== WORK INSTRUCTIONS ==
Every line of the listing below should be written out exactly, minus its pictures.

== RECORDED INFORMATION ==
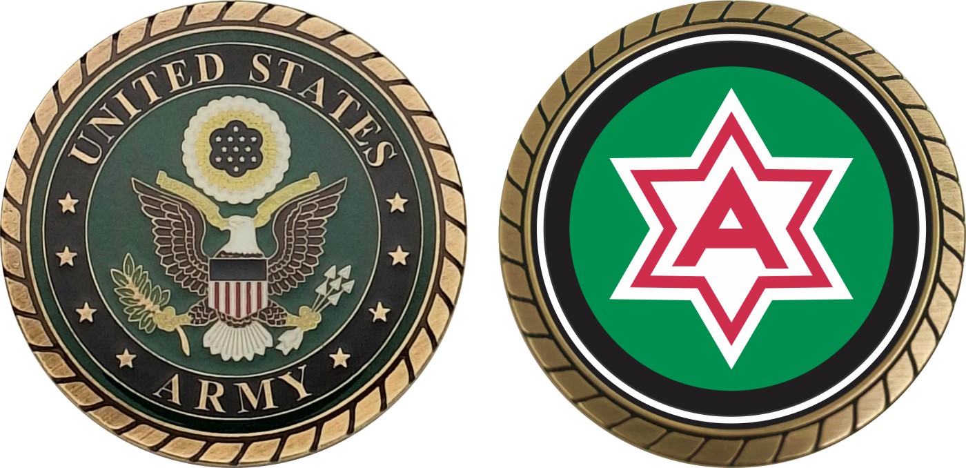 This 1 3/4” Sixth U.S. Army Patch Challenge Coin is proudly offered by Militarybest. This Officially Licensed Army coin has beautiful enamel finish on one side and an organized crisp clean design on the opposite side.
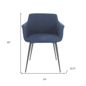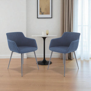 Set of Two Blue and Silver Upholstered Fabric Dining Arm Chairs
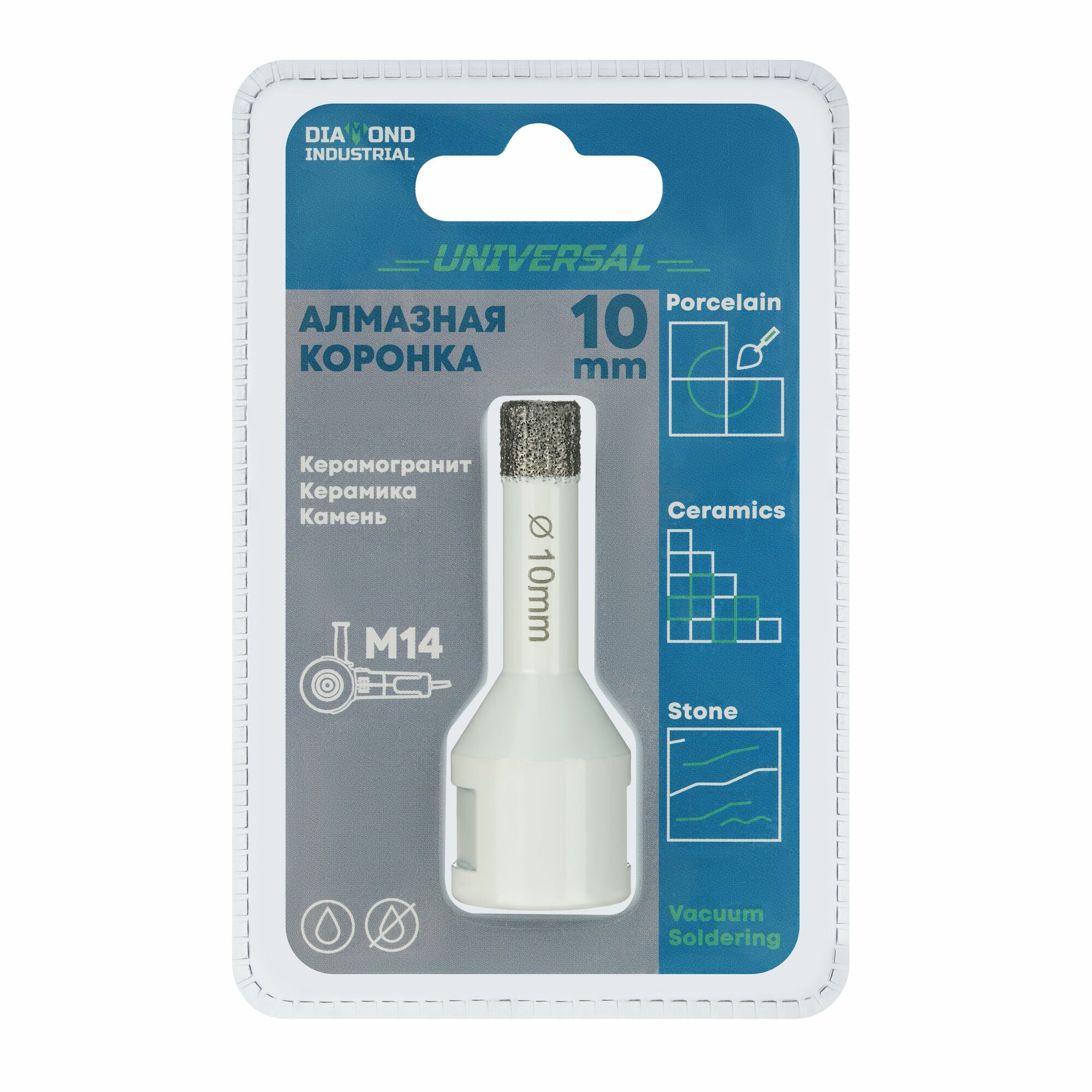 Купить Алмазная коронка по керамограниту, керамике и камню 10 мм Universal Diamond Industrial, вакуумная пайка, M14

== ANSWER BOX ==
 This 1 3/4” Sixth U.S. Army Patch Challenge Coin is proudly offered by Militarybest. This Officially Licensed Army coin has beautiful enamel finish on one side and an organized crisp clean design on the opposite side.
 Set of Two Blue and Silver Upholstered Fabric Dining Arm Chairs
 Купить Алмазная коронка по керамограниту, керамике и камню 10 мм Universal Diamond Industrial, вакуумная пайка, M14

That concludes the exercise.